▶ Problem:
Could you retype every line below exactly, omitting the images?

** Exercise data follows **

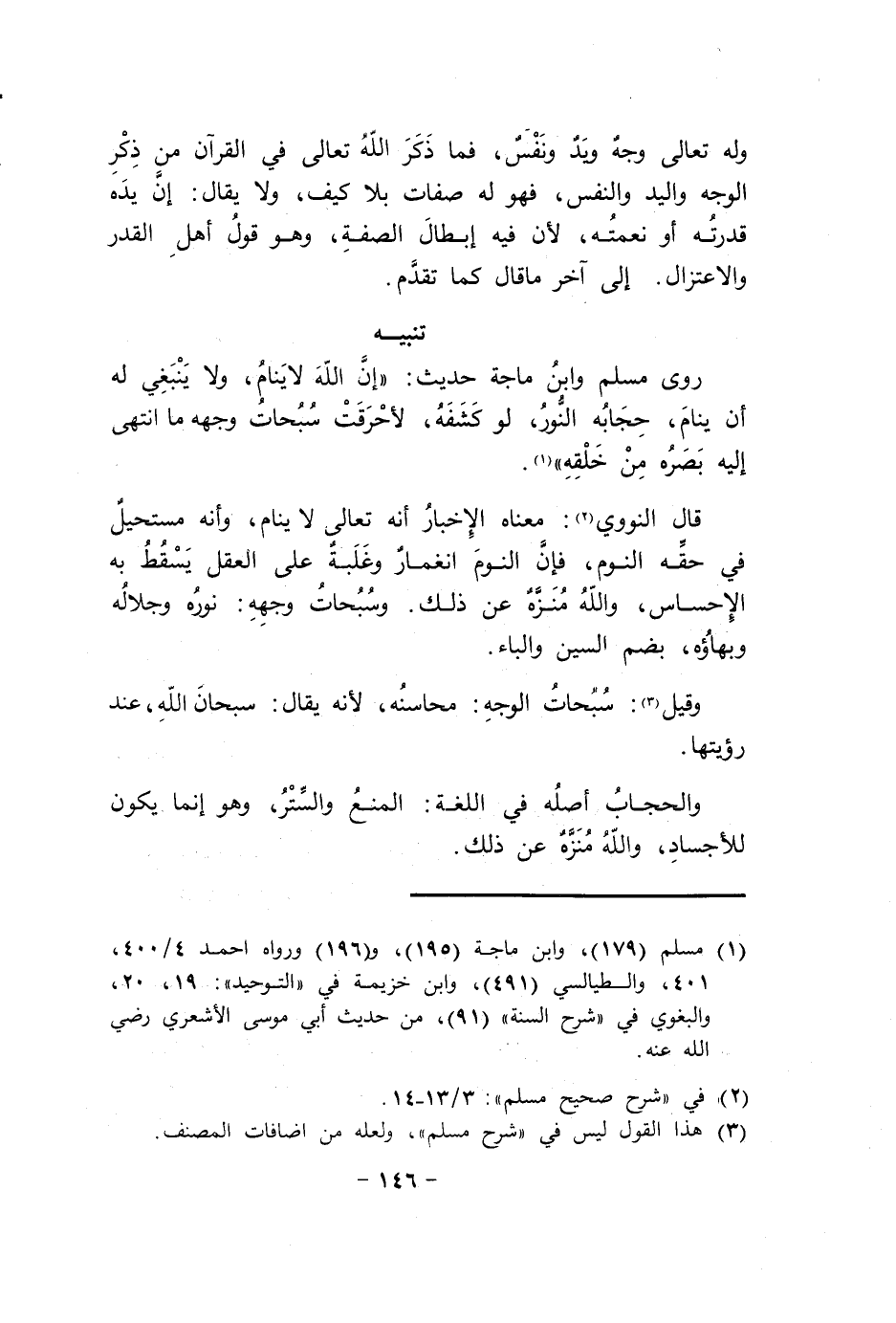 روى مُسلم وَابْن ماجة حَدِيث إِن الله لَا ينَام وَلَا يَنْبَغِي لَهُ أَن ينَام حجابه النُّور لَو كشفه لأحرقت سبحات وَجهه مَا انْتهى إِلَيْهِ بَصَره من خلقه
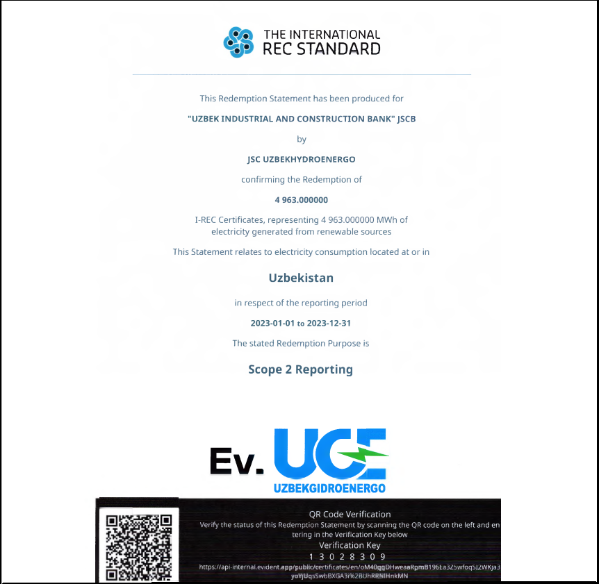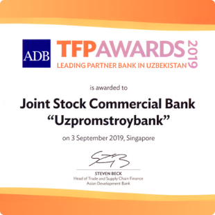 Awards from Euromoney: “Uzbekistan’s best bank for sustainability”
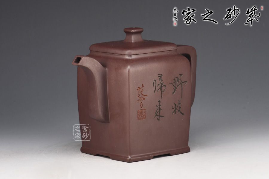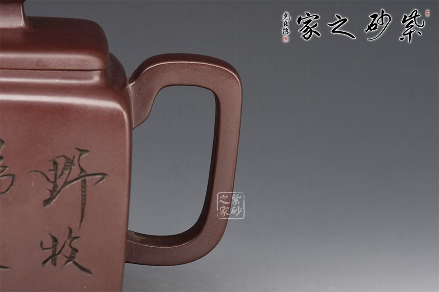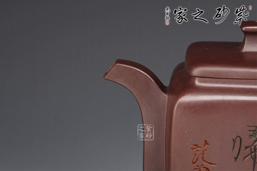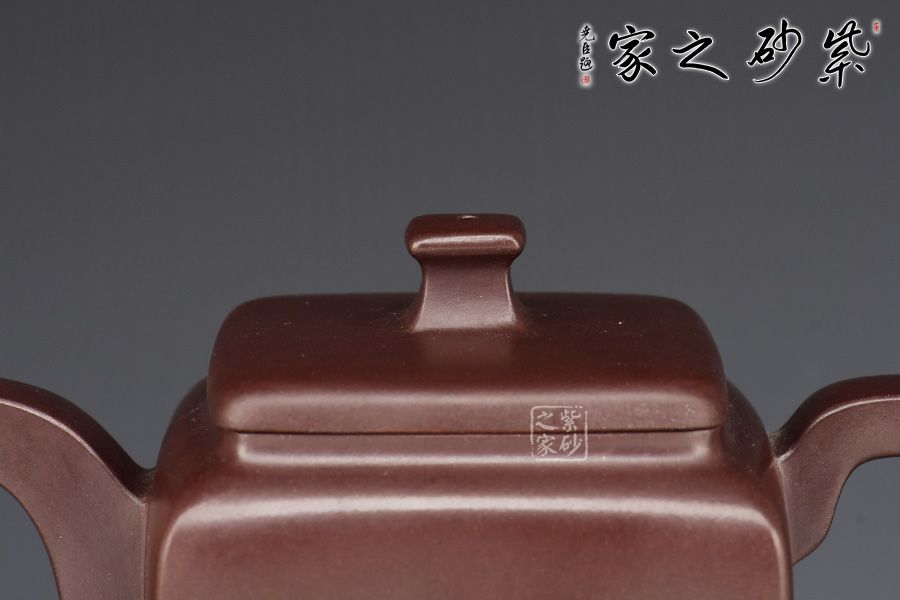 此壺精選紫泥制成,四方壺身挺拔俊朗,如氣度非凡的君子,棱角之間轉(zhuǎn)換圓潤,張弛有度。肩、頸至蓋極富層次感,柱形鈕方便拿捏。三彎流、耳把方中帶圓,為整壺添了一絲委婉的氣息。整體工藝精到,線條曲直并蓄,方器的挺括姿態(tài)及美感都表現(xiàn)得非常到位。
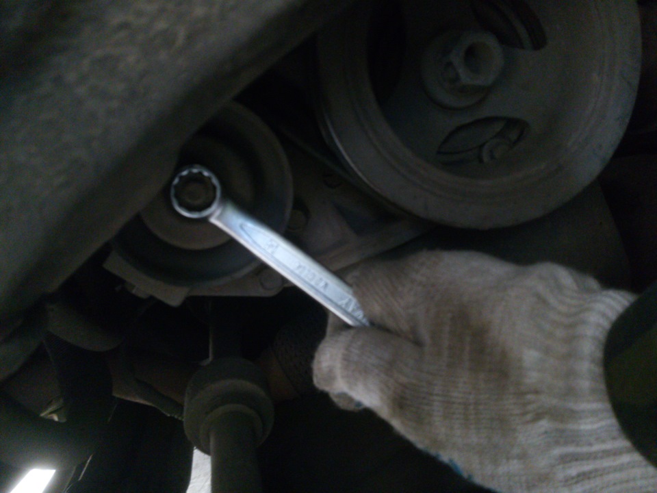 - ослабить и убрать ремень с ролика. Для этого следует отжать кронштейн натяжного ролика;

** End of Exercise data **

▶ Response area:
 روى مُسلم وَابْن ماجة حَدِيث إِن الله لَا ينَام وَلَا يَنْبَغِي لَهُ أَن ينَام حجابه النُّور لَو كشفه لأحرقت سبحات وَجهه مَا انْتهى إِلَيْهِ بَصَره من خلقه
 Awards from Euromoney: “Uzbekistan’s best bank for sustainability”
 此壺精選紫泥制成,四方壺身挺拔俊朗,如氣度非凡的君子,棱角之間轉(zhuǎn)換圓潤,張弛有度。肩、頸至蓋極富層次感,柱形鈕方便拿捏。三彎流、耳把方中帶圓,為整壺添了一絲委婉的氣息。整體工藝精到,線條曲直并蓄,方器的挺括姿態(tài)及美感都表現(xiàn)得非常到位。
 - ослабить и убрать ремень с ролика. Для этого следует отжать кронштейн натяжного ролика;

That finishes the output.